Republican convention delegates are like the rest of Pennsylvania judges and officials: they do whatever they want.

“Some said they believe it would be their duty, if elected, to reflect the wishes of the voters who choose them,” relates the Allentown Call. How’s that for a concept?

The big winner and the losers

The big losers in last Tuesday’s Pennsylvania primary: as usual, the voters of Pennsylvania.

The big winner in last Tuesday’s Pennsylvania primary was Gov. Tom Wolf.

Candidates supported by Wolf for the U.S. Senate and the attorney general’s office won.

“Yesterday, Democrats across the Keystone State made their voices heard in a spirited primary election and nominated bold leaders up and down the ballot who want to move Pennsylvania forward,” Gov. Wolf said in a statement. “Hillary Clinton, Katie McGinty, Josh Shapiro, Eugene DePasquale, Joe Torsella, and other Democrats need your help to take on Republican extremists like Donald Trump and Pat Toomey. The future of both Pennsylvania and our great nation is at stake.”

But it’s rather hard to embrace any of these candidates and their supposed positions if you can’t trust either the candidates or their positions.

So all this may yet blow up in Tom Wolf’s face.

Ballotpedia, for instance, suggests that the $1.5 million spent by the Democratic Senatorial Campaign Committee on McGinty could backfire.

“The expenditure was unusual as the money was spent as a coordinated expenditure from the DSCC, not the usual independent expenditure,” Ballotpedia reports. “This could potentially harm the Democratic Party in the general election, as there is a limit of $1.9 million that can be spent on these types of expenditures in Pennsylvania, unlike independent expenditures which have no monetary limit.”

RealClear Politics adds, “Sestak said the DSCC did the same thing six years ago, spending significant portions of coordinated money to back Sen. Arlen Specter – who had switched to the Democratic Party – and leaving little of it to be spent in the general election, which caused significant problems for Sestak’s campaign against Toomey in 2010.”

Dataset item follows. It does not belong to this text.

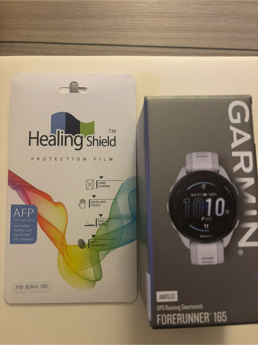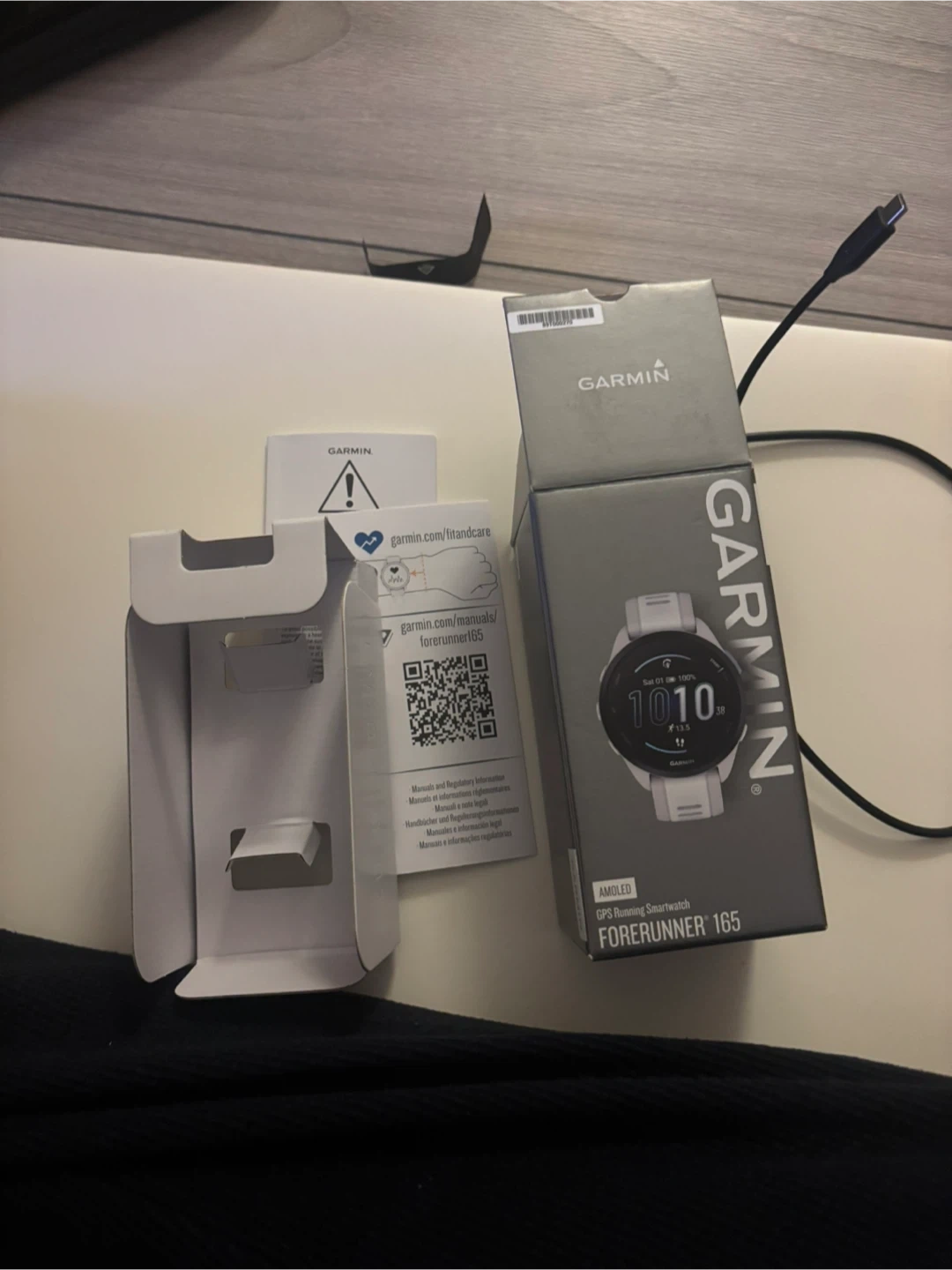Garmin Forerunner 165 GPS running smartwatch. Barely used. Good condition. No scratch. AMOLED display. Includes charging cable. Also comes with a Healing Shield screen protector.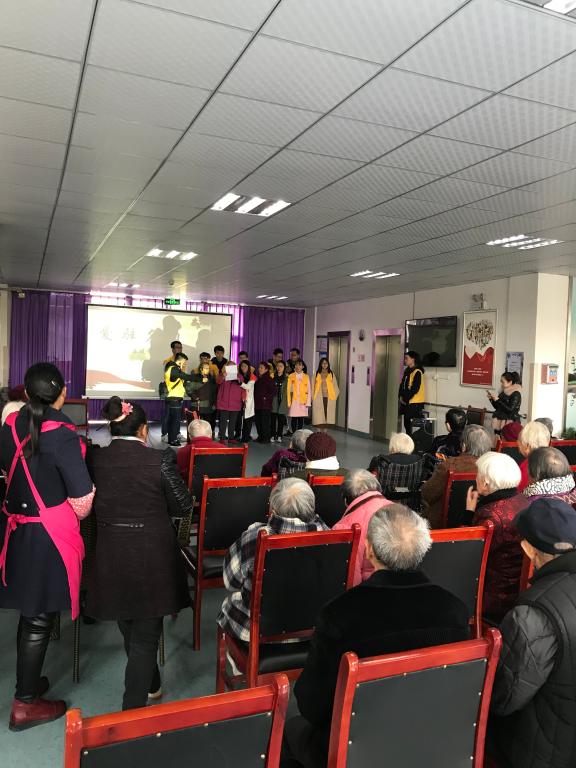 午休时间后,下午2:30,老人再次齐聚大厅,志愿者们开始展示精心准备已久的节目。节目形式多样,内容丰富。节目主要有合唱《国家》、小品、诗词朗诵、藏粤语结合版的《喜欢你》、金典歌曲演奏等。老人们也积极地参与其中,三位老人作为老石油工作者和新石大学子带来大合唱《我为祖国献石油》。下午大约17:00,活动接近尾声,志愿者和院长、老人们相互道别,并合影留念。

But fear not. There are ways around those pesky election finance laws.

“Filings with the Federal Election Commission, however, show that the DSCC gave the maximum amount to Sestak’s general election campaign six years ago and spent about $1.5 million supporting him,” RealClear Politics reports. “According to the Center for Responsive Politics,  the DSCC also spent $8 million in advertisements against Toomey that wasn’t coordinated with Sestak’s campaign because of campaign finance rules.”

The real problem here is that the Democrats actually think they can take on Sen. Toomey using these sleazy methods, and that voters won’t notice, or care.

Toomey may be dead wood, but he hasn’t been accused of being rotten wood.

Let’s at least attempt to be honest. All this is simply manipulating voters, and isn’t changing anything.

So long as our political system is awash in unaccountable money and untruthful negative ads; so long as our votes don’t count; and so long as our elected representatives don’t even have to tell us whom or what they support, nothing else in government is going to be fixed.

Maybe that’s what these guys really want.